Посетители медленно шли по широкой, вымощенной матовыми брикетами улице, обсаженной с обеих сторон густыми, разросшимися каштановыми деревьями, и с живым любопытством осматривали чудеса подземного города.
— Улица, по которой мы теперь проходим, называется Итальянский бульвар, — сказал Гаррисон, — а параллельная ей — Ришельевский проспект. Вообще, мы решили давать улицам привычные парижанам названия, чтобы они не так остро чувствовали разлуку со своим Парижем. Сейчас мы выйдем на площадь Согласия, — пока еще единственную. Впоследствии, по мере разрастания подземного города, у нас будут площади Республики, Бастилии, Этуаль и т. д.
Скоро вышли на площадь Согласия. Она, разумеется, была гораздо меньше своего надземного прототипа. На ней шла еще усиленная работа. Там и сям зияли вырытые для фундаментов ямы и возвышались остовы незаконченных еще домов.
— Эта площадь будет одним из центральных пунктов подземного Парижа, — пояснил Гаррисон. — Здесь вот будет дворец нашего уважаемого президента…
— Который, надеюсь, ничем не будет отличаться от остальных домов? — перебил его Стефен.
— Только тем, что в нем будет жить один из замечательнейших и благороднейших людей нашего времени, — ответил Гаррисон.
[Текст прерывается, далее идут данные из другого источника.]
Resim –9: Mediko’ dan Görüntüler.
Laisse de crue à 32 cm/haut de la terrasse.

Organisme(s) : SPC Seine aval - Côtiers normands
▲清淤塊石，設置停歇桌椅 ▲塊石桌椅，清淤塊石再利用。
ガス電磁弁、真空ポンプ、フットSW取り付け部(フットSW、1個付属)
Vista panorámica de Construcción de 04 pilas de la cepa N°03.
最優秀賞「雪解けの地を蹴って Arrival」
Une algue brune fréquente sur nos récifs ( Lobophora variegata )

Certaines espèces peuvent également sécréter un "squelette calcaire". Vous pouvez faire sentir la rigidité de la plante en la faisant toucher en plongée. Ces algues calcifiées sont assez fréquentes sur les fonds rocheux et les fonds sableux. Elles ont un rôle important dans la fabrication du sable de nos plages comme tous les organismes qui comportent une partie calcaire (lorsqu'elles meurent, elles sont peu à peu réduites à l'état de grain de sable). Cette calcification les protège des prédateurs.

И как бы для того, чтобы не дать Стефе-ну времени протестовать, продолжал:
— Внушительный, пока еще очень неприглядный остов, который вы видите рядом, будет служить помещением для министерства внутренних дел, финансов и общественных работ.
— Кстати? — спросил один из посетителей. — Военное министерство останется?
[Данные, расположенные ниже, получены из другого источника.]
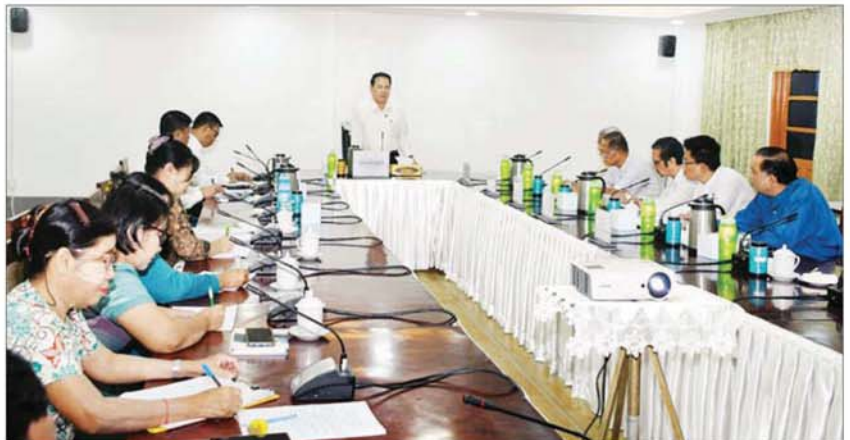
ပြည်ထောင်စုဝန်ကြီး ဦးမောင်မောင်အုန်း ၂၀၂၄ ခုနှစ်အတွက် မြန်မာ့ရုပ်ရှင်ထူးချွန်ဆု ချီးမြှင့်ပွဲအခမ်းအနား အောင်မြင်စွာ ကျင်းပရေး လုပ်ငန်းညှိနှိုင်းအစည်းအဝေးတွင် အမှာစကားပြောကြားစဉ်။

အောင်မြင်စွာကျင်းပ ရေးဦးစွာ ပြည်ထောင်စုဝန်ကြီး က ၂၀၂၄ ခုနှစ်အတွက် မြန်မာ့ရုပ်ရှင်ထူး ချွန်ဆုချီးမြှင့်ပွဲ အခမ်းအနားကို ၂၀၂၅ ခုနှစ် ဖေဖော်ဝါရီလတွင် နေပြည်တော်၌ ကျင်းပပြုလုပ်ရန် စီမံထားရှိပါကြောင်း၊ ၎င်းအခမ်းအနားကို ယခင်နှစ်ကျင်းပခဲ့ သည့် အစဉ်အလာအတိုင်း ခမ်းနား တင့်တယ်စွာ ကျင်းပနိုင်ရေးအတွက် သက်ဆိုင်ရာ ပုဂ္ဂိုလ်များအနေဖြင့် လိုအပ် သည့်များ ကြိုတင်ပြင်ဆင်ထားရှိစေလို ကြောင်း၊ မြန်မာ့ရုပ်ရှင်ထူးချွန်ဆုများ ချီးမြှင့်ရေးနှင့်ပတ်သက်၍ ရသင့်ရထိုက် သည့် အနုပညာရှင်များ ရရှိစေရေးအတွက် ဆုများအကဲဖြတ်စိစစ်ရေးအဖွဲ့ကို စနစ် တကျ ဖွဲ့စည်းတာဝန်ပေးရန်လိုကြောင်း၊ အဆိုပါ စိစစ်ရေးအဖွဲ့တွင် အတ္တကင်းကင်း၊ ပုဂ္ဂိုလ်ရွဲကင်းကင်းဖြင့် ရွေးချယ်ပေးမည့် ပုဂ္ဂိုလ်များအား တာဝန်ပေးအပ်ရန်လိုပါ ကြောင်း၊ အထူးသဖြင့် ၂၀၂၄ ခုနှစ်တွင် ရုံတင်ပြသခဲ့သော ရုပ်ရှင်ဇာတ်ကားများ၌ ပါဝင်ခဲ့သည့် ပုဂ္ဂိုလ်များနှင့် ရုပ်ရှင် ထူးချွန်ဆု ချီးမြှင့်ခံရနိုင်ဖွယ်ရှိသည့် ပုဂ္ဂိုလ်များကို အစကတည်းကပင် ဆုများ အကဲဖြတ်စိစစ်ရေးအဖွဲ့တွင် တာဝန် ပေးအပ်ရန် မပြုသင့်ပါကြောင်း၊ ၎င်းတို့ အား အကဲဖြတ်စိစစ်ရေးအဖွဲ့ တာဝန် ပေးအပ်ပါက မလိုလားအပ်သည့် အထင် အမြင် လွဲမှားမှုများ ကြုံတွေ့ရနိုင်ပါ ကြောင်း၊ ယခုကျင်းပမည့် မြန်မာ့ရုပ်ရှင် ထူးချွန်ဆုချီးမြှင့်ပွဲ အခမ်းအနားကြီးကို ပြန်ကြားရေးဝန်ကြီးဌာနနှင့် မြန်မာနိုင်ငံ ရုပ်ရှင်အစည်းအရုံးတို့က တာဝန်ယူ၊ တာဝန်ခံစိတ်ဖြင့် အောင်မြင်စွာကျင်းပ
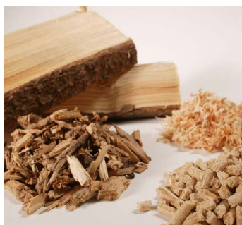
Verschiedene Holzbrennstoffe werden beim Heizen eingesetzt

Im Vortrag erläutert Lesche die Qualitätsmerkmale der Brennstoffe Scheitholz, Hackschnitzel und Pellets. Zudem wird ausführlich darauf eingegangen, auf was beim Betrieb von Kaminöfen und Zentralheizungen in Wohngebäuden zu achten ist. Dazu gehören Funktionsweise und Aufbau verschiedener Anlagen- und Ofentypen, Hinweise zur effizienten und emissionsarmen Bedienung, räumliche Voraussetzungen sowie rechtliche Vorgaben zu Emissionen.
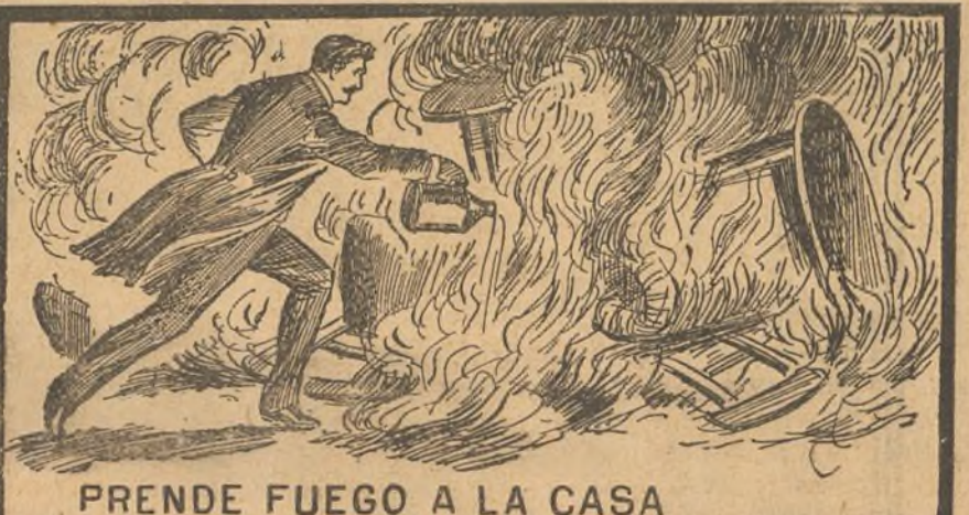
PRENDE FUEGO A LA CASA

— Нет, оно будет упразднено, точно так же, как и морское министерство, — ответил Стефен. — Под землей войны невозможны, при всей драчливости людей. Конечно, часть армии придется удержать, но она будет исполнять исключительно полицейские функции. Пока что, будет упразднено и министерство иностранных дел: сношения между отдельными государствами нашего будущего подземного мира вряд ли будут возможны, по крайней мере, на первых порах… Однако, будем продолжать осмотр. Мы вас слушаем, дорогой Гаррисон!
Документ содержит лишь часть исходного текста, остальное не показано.